Personal information
- Full name: Stuart Mangin
- Born: 8 February 1977 (age 48)
- Original team: Macleod / Northern Knights
- Draft: 20th, 1994 AFL draft
- Height: 190 cm (6 ft 3 in)
- Weight: 95 kg (209 lb)

Playing career^{1}
- Years: Club / Games (Goals)
- 1995–1997: Sydney Swans / 0 (0)
- 1998: Collingwood / 3 (2)
- ^{1} Playing statistics correct to the end of 1998.

= Stuart Mangin =

Australian rules footballer

Stuart Mangin (born 8 February 1977) is a former Australian rules footballer who played with Collingwood in the Australian Football League (AFL).

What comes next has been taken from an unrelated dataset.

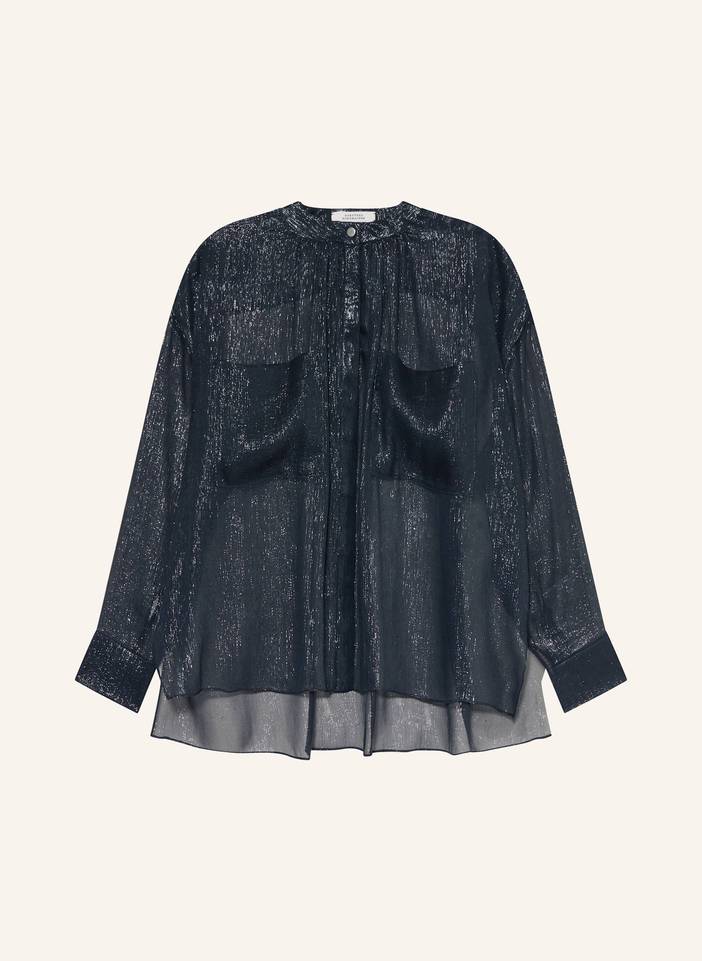 . Gerader Schnitt. Geknöpfter Rundhalsausschnitt. Schließt mit durchgehender, verdeckter Knopfleiste. Schmale Rückenpasse. Quetschfalte. Aufgesetzte Brusttaschen. Einknopf-Manschette. Glitzergarn allover. Raffung am Kragen und Rücken. Verlängerte Rückenpartie. Seitenschlitze. Transparente Qualität. Feine Haptik. Aus Seide

Mangin, who was from Macleod originally, was playing with the Northern Knights in the TAC Cup when drafted by the Sydney Swans. He only played reserves football for the Swans and was traded to Collingwood at the end of the 1997 season. The trade saw Mangin and teammate Clinton King go to Collingwood, in exchange of Robert Ahmat and the draft selection which secured Fred Campbell.

He made three appearances for Collingwood in the 1998 AFL season and in the last of those kicked two goals against Richmond at the Melbourne Cricket Ground. A defender, he later played at Norwood.